Velocity’s men’s clothing store, called Sixty-One, will include a men’s barber shop. The store is named after the year that Nicolai’s father, Joe Nicolai, founded JN Group in Honolulu in 1961. The men’s clothing store and salon will be the developer’s own retail concept. The group also operates Harley-Davidson clothing outlets on Oahu.

A woman’s boutique will include women’s spa services such as a dry bar and lash bar. Kristin Wood, founder of Honolulu salon Kristin Wood Lashes, will operate the salon.

Velocity will also host a wine and gourmet food store owned by a separate operator.

Nicolai said he envisions Velocity as a reflection of the piazza public markets found in towns and cities across Italy.

“Fortunately, through my travels through Asia, Europe and New York City, I’ve been able to get different conceptual ideas of how retail can work with residential, mixed-use projects,” he explained. “The unique experience we’re trying to connect is tied to my father’s Italian heritage, the experience of the old country.”

The developers also have plans to make the space a venue for performances.

“We took the piazza concept as a place of congregation,” Nicolai explained. “Kakaako has really lent itself to be a host to artisans whether it be fixed art or live art.” As the space is across the street from the Hawaii Symphony Orchestra, “it lends itself with music and arts.”

Velocity’s two leveled architecture will include a restaurant upstairs and downstairs. Restaurant operator PJ Partners, who also operate Honolulu’s Tonkatsu Ginza Bairin, have not released the restaurant names. Both will be under the direction of Italian Michelin Chef Gianpaolo Raschi.

The bottom floor of Velocity will host a “typical Italian wine and bar,” as Chef Maurizio Roberti described. Roberti is an Italian cuisine master chef currently based in Japan and is working to develop the restaurants. The bottom floor will also have an espresso bar.

In addition to drinks, the menu will include pizza and paninis. “People will call it fast food; we call it soul food. It’s fast on the go, but it’s still soul food,” Roberti said.

The downstairs restaurant will seat 40 to 50 customers, plus outdoor seating.

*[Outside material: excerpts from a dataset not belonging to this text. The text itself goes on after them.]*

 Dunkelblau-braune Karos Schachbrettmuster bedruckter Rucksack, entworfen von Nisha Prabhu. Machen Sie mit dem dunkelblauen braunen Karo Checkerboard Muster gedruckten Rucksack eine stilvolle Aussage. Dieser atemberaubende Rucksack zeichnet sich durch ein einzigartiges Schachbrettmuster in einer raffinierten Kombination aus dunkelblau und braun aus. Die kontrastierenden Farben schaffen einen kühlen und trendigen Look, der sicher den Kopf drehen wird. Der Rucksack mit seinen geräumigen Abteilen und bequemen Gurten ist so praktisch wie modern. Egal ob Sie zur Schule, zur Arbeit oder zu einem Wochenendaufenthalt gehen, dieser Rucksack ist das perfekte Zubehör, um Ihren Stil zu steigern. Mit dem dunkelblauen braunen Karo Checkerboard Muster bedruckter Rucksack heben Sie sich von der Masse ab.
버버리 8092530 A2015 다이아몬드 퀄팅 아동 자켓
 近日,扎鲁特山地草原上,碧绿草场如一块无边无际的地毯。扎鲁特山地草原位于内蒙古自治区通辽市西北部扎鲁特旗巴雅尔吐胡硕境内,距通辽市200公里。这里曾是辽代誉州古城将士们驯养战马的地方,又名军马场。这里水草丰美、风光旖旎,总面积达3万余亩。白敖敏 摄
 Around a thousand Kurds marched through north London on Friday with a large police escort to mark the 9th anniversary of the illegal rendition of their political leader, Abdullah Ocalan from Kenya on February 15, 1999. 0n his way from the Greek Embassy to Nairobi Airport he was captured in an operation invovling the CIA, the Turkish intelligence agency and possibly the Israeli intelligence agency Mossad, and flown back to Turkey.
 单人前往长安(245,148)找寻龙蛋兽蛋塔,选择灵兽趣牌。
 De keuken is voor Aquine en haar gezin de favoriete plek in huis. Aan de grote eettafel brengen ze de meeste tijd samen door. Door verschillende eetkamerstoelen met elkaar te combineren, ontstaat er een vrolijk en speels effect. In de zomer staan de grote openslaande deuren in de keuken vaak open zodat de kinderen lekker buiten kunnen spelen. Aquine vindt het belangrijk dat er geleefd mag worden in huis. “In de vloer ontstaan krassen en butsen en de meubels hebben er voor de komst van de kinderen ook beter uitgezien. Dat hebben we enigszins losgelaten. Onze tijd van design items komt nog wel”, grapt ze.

The ground floor will have a high ceiling and a mezzanine to showcase the automotive outlet’s Ducati motorcycles and Vespa scooters.

“You get the feeling that you don’t need to get on a plane and go to Italy, you can just come down to Velocity. That’s the kind of thing we’re trying to create” Roberti explained.

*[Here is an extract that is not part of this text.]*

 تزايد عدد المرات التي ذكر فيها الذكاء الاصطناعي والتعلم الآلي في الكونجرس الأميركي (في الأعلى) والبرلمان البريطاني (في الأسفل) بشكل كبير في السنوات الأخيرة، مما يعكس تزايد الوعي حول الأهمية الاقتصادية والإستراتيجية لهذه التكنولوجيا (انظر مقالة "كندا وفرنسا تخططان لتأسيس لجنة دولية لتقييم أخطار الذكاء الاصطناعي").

Ingredients for the restaurant’s menu will include a combination of locally sourced food and Italian imported cheeses and meats. The still-unnamed restaurant is reaching out to locally sourced food producers to partner with and specifically seeks a Hawaii-based gelato company. The restaurant is also looking into making its own Italian sausages to add to the menu.

Velocity’s upstairs area will have a cocktail bar and a formal dining restaurant. A large glass window will separate the kitchen from the dining area, so “you can actually see all the chefs at work,” Roberti said.

The upstairs restaurant’s menu will include predominantly seafood — Gianpaolo Raschi’s specialty.

Roberti described the menu as “simplified Italian, not the over-indulgent, swimming in oil, backstroke in tomato sauce or anything like that. It’s real Italian.”

Upstairs restaurant will include a VIP shift-table area that seats 10. Restaurant developers did not provide price points for menu items upon request. Combined, both restaurants will cover 6,000 square feet including the outdoor seating area.

The restaurant projects are looking to hire locally, and they have plans to create apprenticeships and a collaboration with Kapiolani Community College. “We would like to get the community involved in our project,” Roberti said.

Symphony Honolulu is a 388-unit condominium tower and has been open to unit owners since June. According to Nicolai, the tower’s units are about 96 percent sold out. JN Group developed the tower in collaboration with OliverMcMillan LLC.